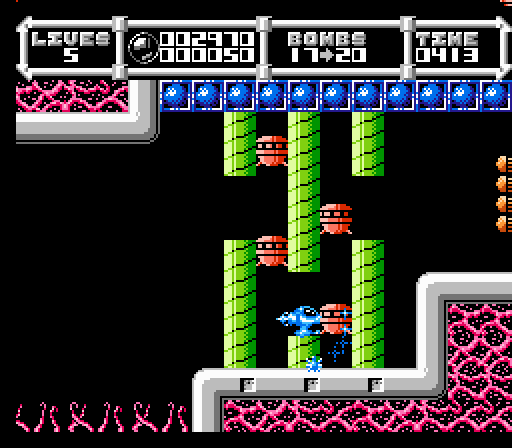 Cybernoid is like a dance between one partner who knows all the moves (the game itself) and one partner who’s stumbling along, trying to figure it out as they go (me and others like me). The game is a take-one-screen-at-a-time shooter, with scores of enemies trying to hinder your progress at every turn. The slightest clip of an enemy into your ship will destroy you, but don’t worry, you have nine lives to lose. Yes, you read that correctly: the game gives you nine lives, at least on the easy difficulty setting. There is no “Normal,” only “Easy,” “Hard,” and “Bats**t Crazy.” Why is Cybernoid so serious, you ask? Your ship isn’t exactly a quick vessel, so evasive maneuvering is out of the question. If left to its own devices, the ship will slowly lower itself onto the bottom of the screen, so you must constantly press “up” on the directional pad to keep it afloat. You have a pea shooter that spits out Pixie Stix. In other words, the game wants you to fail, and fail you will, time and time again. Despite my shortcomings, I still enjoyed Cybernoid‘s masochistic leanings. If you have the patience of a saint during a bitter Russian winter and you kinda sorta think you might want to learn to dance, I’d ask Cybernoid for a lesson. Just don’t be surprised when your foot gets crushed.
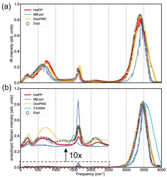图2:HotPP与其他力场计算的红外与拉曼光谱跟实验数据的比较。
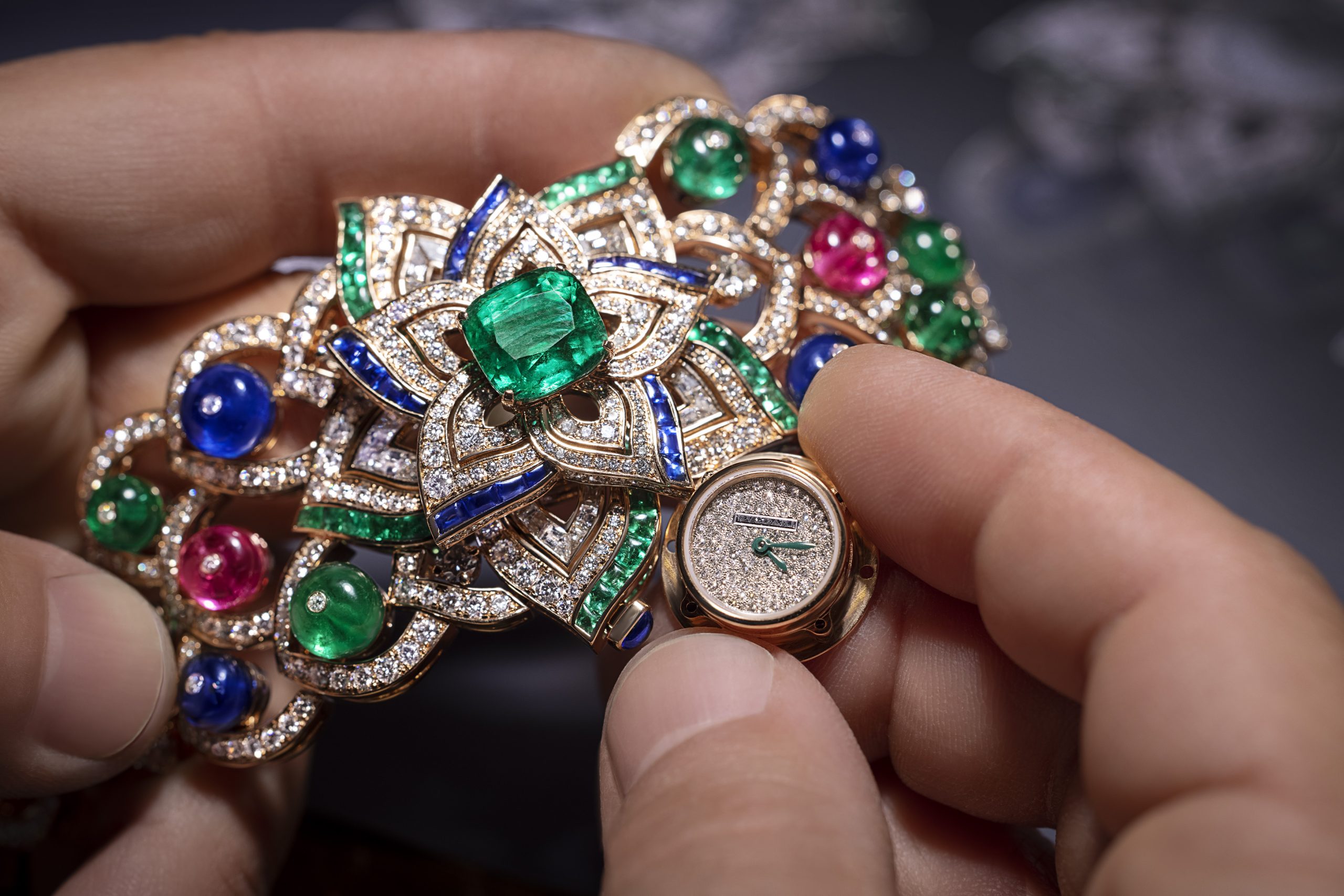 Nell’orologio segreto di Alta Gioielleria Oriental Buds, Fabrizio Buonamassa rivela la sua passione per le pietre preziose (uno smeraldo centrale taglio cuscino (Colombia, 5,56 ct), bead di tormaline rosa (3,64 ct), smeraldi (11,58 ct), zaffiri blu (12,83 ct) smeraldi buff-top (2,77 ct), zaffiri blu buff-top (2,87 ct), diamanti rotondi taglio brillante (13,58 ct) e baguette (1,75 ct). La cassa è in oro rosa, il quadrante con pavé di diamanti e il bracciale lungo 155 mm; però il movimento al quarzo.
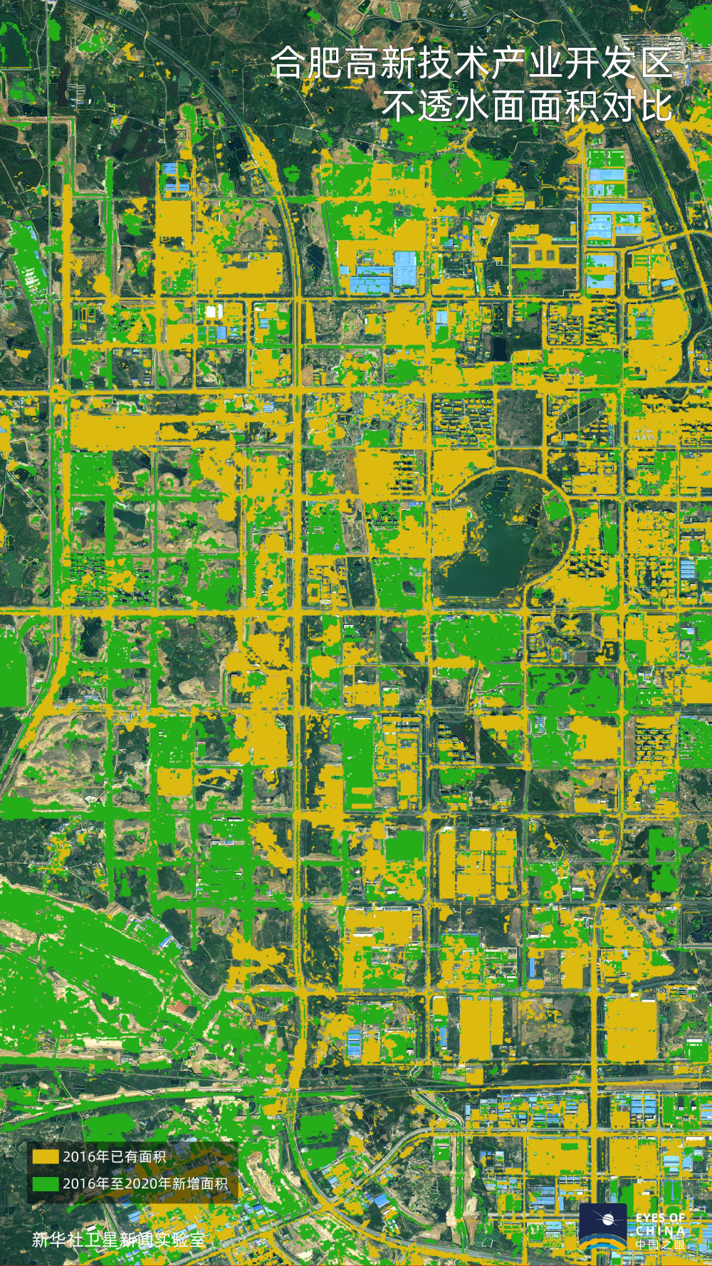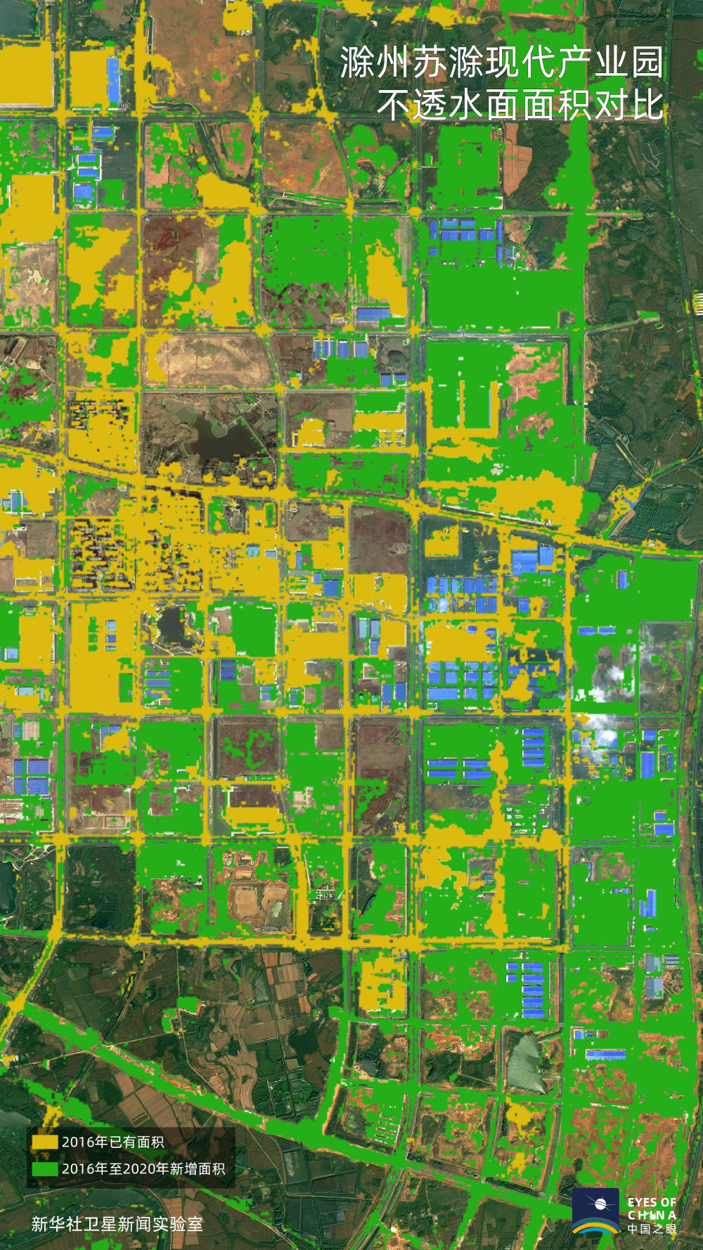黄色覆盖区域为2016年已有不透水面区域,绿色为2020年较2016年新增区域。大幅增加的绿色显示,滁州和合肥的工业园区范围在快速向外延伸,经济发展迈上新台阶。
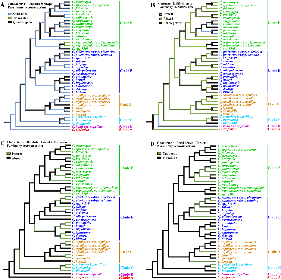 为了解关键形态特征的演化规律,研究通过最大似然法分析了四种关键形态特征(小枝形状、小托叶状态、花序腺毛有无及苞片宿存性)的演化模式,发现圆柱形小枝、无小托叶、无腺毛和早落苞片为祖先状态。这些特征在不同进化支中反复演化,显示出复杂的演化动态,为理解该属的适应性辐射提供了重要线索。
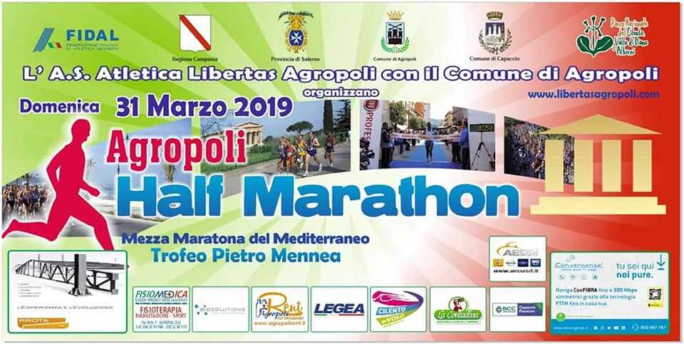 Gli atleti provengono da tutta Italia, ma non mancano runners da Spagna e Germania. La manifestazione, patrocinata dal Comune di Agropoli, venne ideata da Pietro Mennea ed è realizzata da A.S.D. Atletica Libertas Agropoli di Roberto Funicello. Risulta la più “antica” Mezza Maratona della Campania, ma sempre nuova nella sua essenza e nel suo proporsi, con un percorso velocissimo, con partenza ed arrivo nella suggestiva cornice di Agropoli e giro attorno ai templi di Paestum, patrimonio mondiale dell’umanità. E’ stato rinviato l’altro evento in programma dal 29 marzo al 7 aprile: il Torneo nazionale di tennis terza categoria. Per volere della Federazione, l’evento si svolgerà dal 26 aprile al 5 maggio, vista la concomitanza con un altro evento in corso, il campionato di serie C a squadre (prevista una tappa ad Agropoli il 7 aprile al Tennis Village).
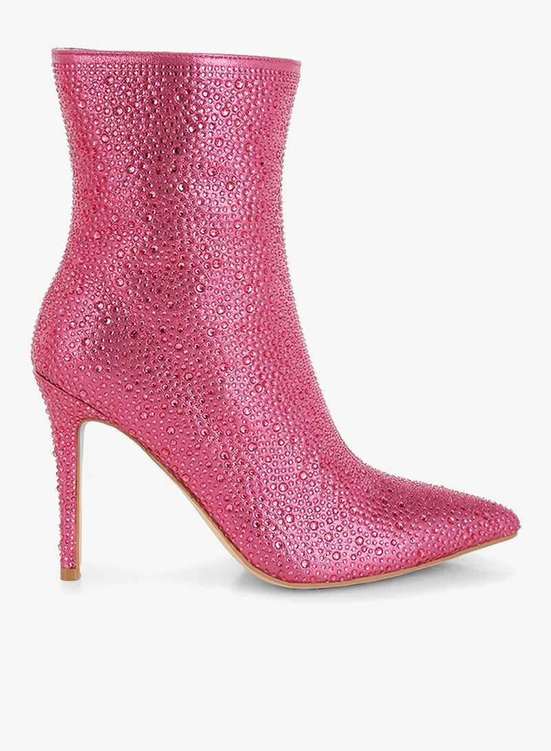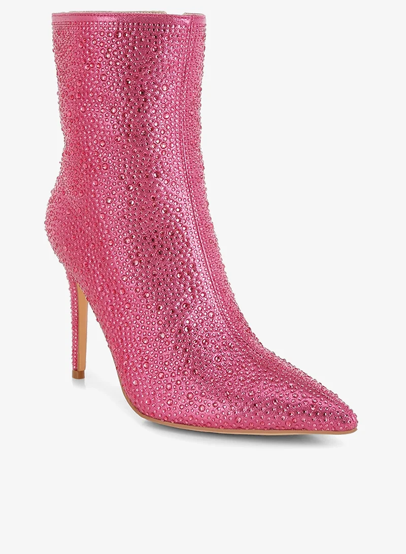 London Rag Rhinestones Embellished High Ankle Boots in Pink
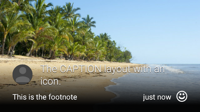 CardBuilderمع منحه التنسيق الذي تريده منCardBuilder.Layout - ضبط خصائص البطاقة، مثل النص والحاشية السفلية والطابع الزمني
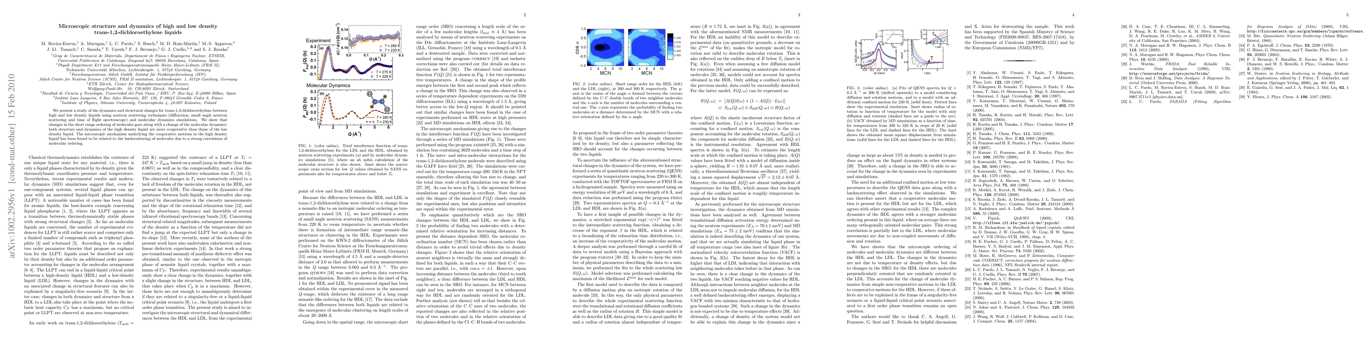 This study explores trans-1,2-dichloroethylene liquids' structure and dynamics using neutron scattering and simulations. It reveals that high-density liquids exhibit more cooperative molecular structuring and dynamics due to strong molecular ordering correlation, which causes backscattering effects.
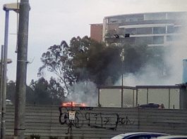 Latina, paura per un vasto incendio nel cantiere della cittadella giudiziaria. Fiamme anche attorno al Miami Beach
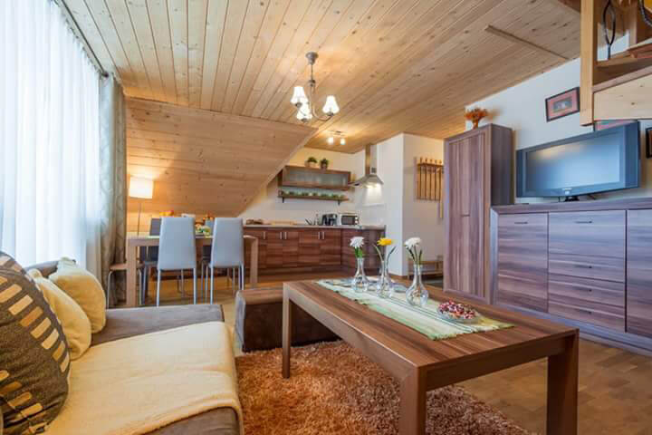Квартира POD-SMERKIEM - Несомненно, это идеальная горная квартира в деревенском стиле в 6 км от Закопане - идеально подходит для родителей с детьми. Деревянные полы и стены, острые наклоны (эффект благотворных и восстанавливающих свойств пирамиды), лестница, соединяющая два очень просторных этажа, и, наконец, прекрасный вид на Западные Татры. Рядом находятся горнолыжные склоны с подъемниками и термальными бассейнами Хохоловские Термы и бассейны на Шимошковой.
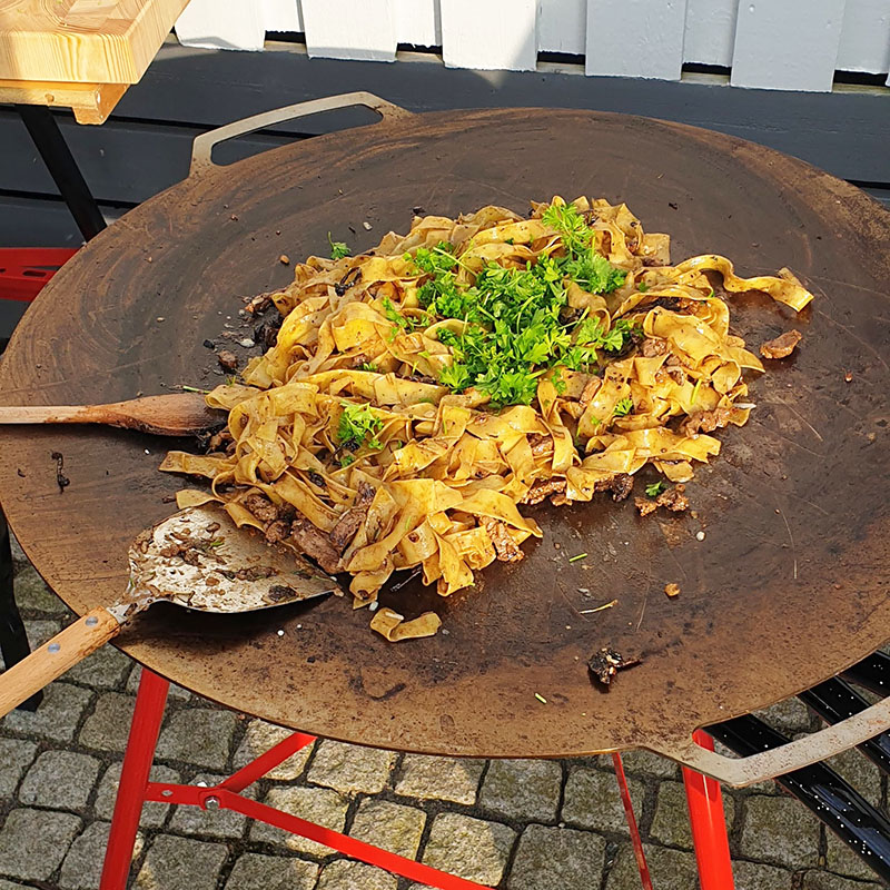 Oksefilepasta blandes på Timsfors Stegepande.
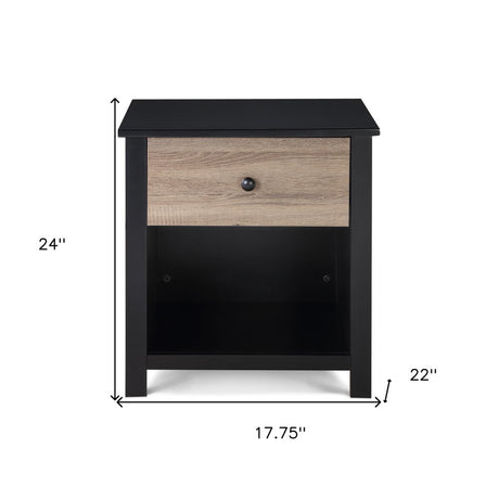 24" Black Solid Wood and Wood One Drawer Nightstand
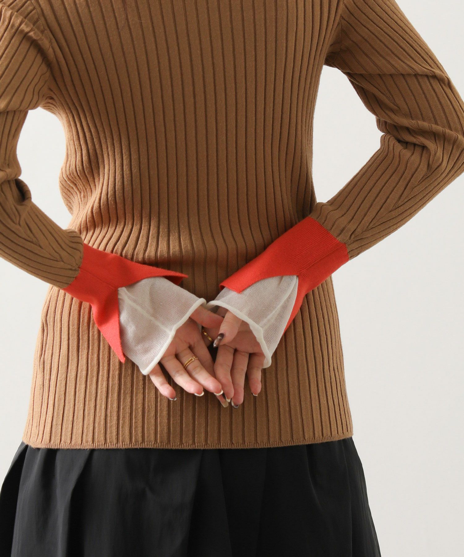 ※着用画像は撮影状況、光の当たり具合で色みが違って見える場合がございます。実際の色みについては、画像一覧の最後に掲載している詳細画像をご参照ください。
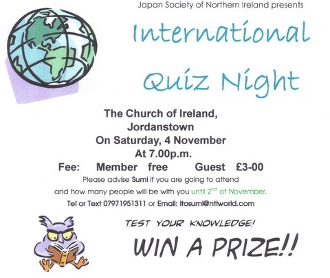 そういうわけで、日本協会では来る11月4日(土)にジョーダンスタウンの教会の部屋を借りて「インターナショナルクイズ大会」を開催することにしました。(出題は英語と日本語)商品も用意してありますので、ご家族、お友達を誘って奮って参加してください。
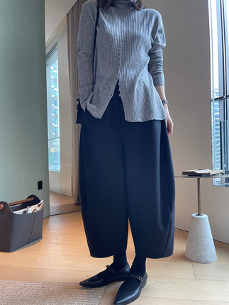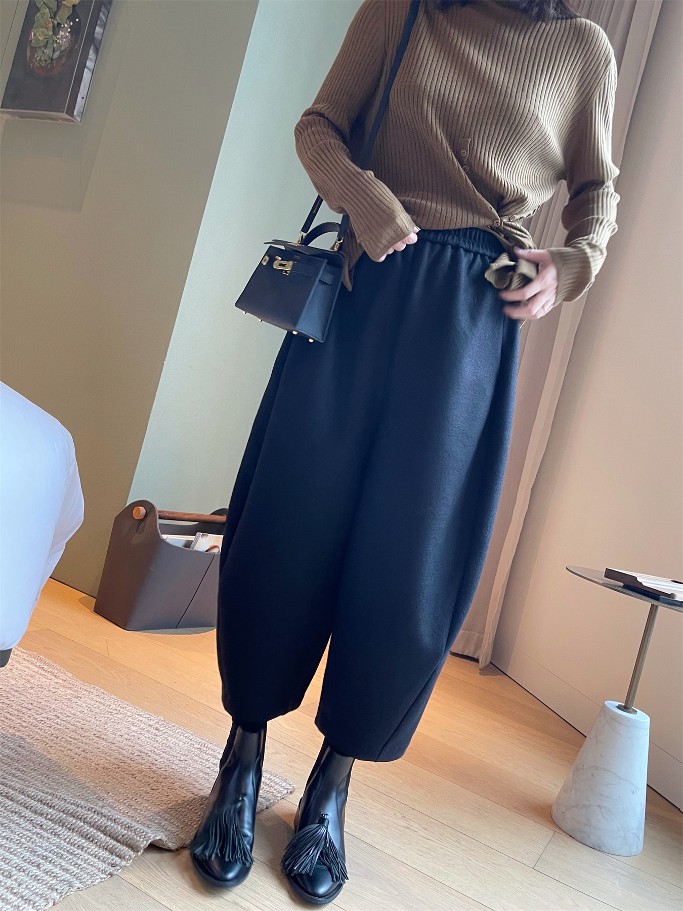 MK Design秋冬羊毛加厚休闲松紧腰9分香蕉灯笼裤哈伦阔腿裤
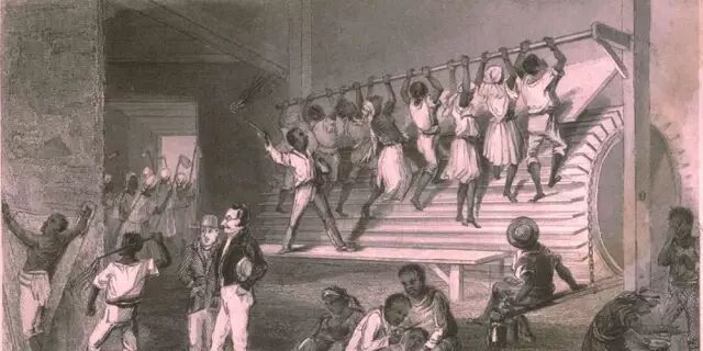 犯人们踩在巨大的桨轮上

┄┄┄┄┄┄┄┄┄┄┄┄┄┄┄┄┄┄┄┄

→ **WHAT TO WORK ON**: Omit the pictures, then quote the rest of the material above exactly.

→ **SOLUTION FOR THIS EXERCISE**:
 Cybernoid is like a dance between one partner who knows all the moves (the game itself) and one partner who’s stumbling along, trying to figure it out as they go (me and others like me). The game is a take-one-screen-at-a-time shooter, with scores of enemies trying to hinder your progress at every turn. The slightest clip of an enemy into your ship will destroy you, but don’t worry, you have nine lives to lose. Yes, you read that correctly: the game gives you nine lives, at least on the easy difficulty setting. There is no “Normal,” only “Easy,” “Hard,” and “Bats**t Crazy.” Why is Cybernoid so serious, you ask? Your ship isn’t exactly a quick vessel, so evasive maneuvering is out of the question. If left to its own devices, the ship will slowly lower itself onto the bottom of the screen, so you must constantly press “up” on the directional pad to keep it afloat. You have a pea shooter that spits out Pixie Stix. In other words, the game wants you to fail, and fail you will, time and time again. Despite my shortcomings, I still enjoyed Cybernoid‘s masochistic leanings. If you have the patience of a saint during a bitter Russian winter and you kinda sorta think you might want to learn to dance, I’d ask Cybernoid for a lesson. Just don’t be surprised when your foot gets crushed.
图2:HotPP与其他力场计算的红外与拉曼光谱跟实验数据的比较。
 Nell’orologio segreto di Alta Gioielleria Oriental Buds, Fabrizio Buonamassa rivela la sua passione per le pietre preziose (uno smeraldo centrale taglio cuscino (Colombia, 5,56 ct), bead di tormaline rosa (3,64 ct), smeraldi (11,58 ct), zaffiri blu (12,83 ct) smeraldi buff-top (2,77 ct), zaffiri blu buff-top (2,87 ct), diamanti rotondi taglio brillante (13,58 ct) e baguette (1,75 ct). La cassa è in oro rosa, il quadrante con pavé di diamanti e il bracciale lungo 155 mm; però il movimento al quarzo.
黄色覆盖区域为2016年已有不透水面区域,绿色为2020年较2016年新增区域。大幅增加的绿色显示,滁州和合肥的工业园区范围在快速向外延伸,经济发展迈上新台阶。
 为了解关键形态特征的演化规律,研究通过最大似然法分析了四种关键形态特征(小枝形状、小托叶状态、花序腺毛有无及苞片宿存性)的演化模式,发现圆柱形小枝、无小托叶、无腺毛和早落苞片为祖先状态。这些特征在不同进化支中反复演化,显示出复杂的演化动态,为理解该属的适应性辐射提供了重要线索。
 Gli atleti provengono da tutta Italia, ma non mancano runners da Spagna e Germania. La manifestazione, patrocinata dal Comune di Agropoli, venne ideata da Pietro Mennea ed è realizzata da A.S.D. Atletica Libertas Agropoli di Roberto Funicello. Risulta la più “antica” Mezza Maratona della Campania, ma sempre nuova nella sua essenza e nel suo proporsi, con un percorso velocissimo, con partenza ed arrivo nella suggestiva cornice di Agropoli e giro attorno ai templi di Paestum, patrimonio mondiale dell’umanità. E’ stato rinviato l’altro evento in programma dal 29 marzo al 7 aprile: il Torneo nazionale di tennis terza categoria. Per volere della Federazione, l’evento si svolgerà dal 26 aprile al 5 maggio, vista la concomitanza con un altro evento in corso, il campionato di serie C a squadre (prevista una tappa ad Agropoli il 7 aprile al Tennis Village).
 London Rag Rhinestones Embellished High Ankle Boots in Pink
 CardBuilderمع منحه التنسيق الذي تريده منCardBuilder.Layout - ضبط خصائص البطاقة، مثل النص والحاشية السفلية والطابع الزمني
 This study explores trans-1,2-dichloroethylene liquids' structure and dynamics using neutron scattering and simulations. It reveals that high-density liquids exhibit more cooperative molecular structuring and dynamics due to strong molecular ordering correlation, which causes backscattering effects.
 Latina, paura per un vasto incendio nel cantiere della cittadella giudiziaria. Fiamme anche attorno al Miami Beach
Квартира POD-SMERKIEM - Несомненно, это идеальная горная квартира в деревенском стиле в 6 км от Закопане - идеально подходит для родителей с детьми. Деревянные полы и стены, острые наклоны (эффект благотворных и восстанавливающих свойств пирамиды), лестница, соединяющая два очень просторных этажа, и, наконец, прекрасный вид на Западные Татры. Рядом находятся горнолыжные склоны с подъемниками и термальными бассейнами Хохоловские Термы и бассейны на Шимошковой.
 Oksefilepasta blandes på Timsfors Stegepande.
 24" Black Solid Wood and Wood One Drawer Nightstand
 ※着用画像は撮影状況、光の当たり具合で色みが違って見える場合がございます。実際の色みについては、画像一覧の最後に掲載している詳細画像をご参照ください。
 そういうわけで、日本協会では来る11月4日(土)にジョーダンスタウンの教会の部屋を借りて「インターナショナルクイズ大会」を開催することにしました。(出題は英語と日本語)商品も用意してありますので、ご家族、お友達を誘って奮って参加してください。
 MK Design秋冬羊毛加厚休闲松紧腰9分香蕉灯笼裤哈伦阔腿裤
 犯人们踩在巨大的桨轮上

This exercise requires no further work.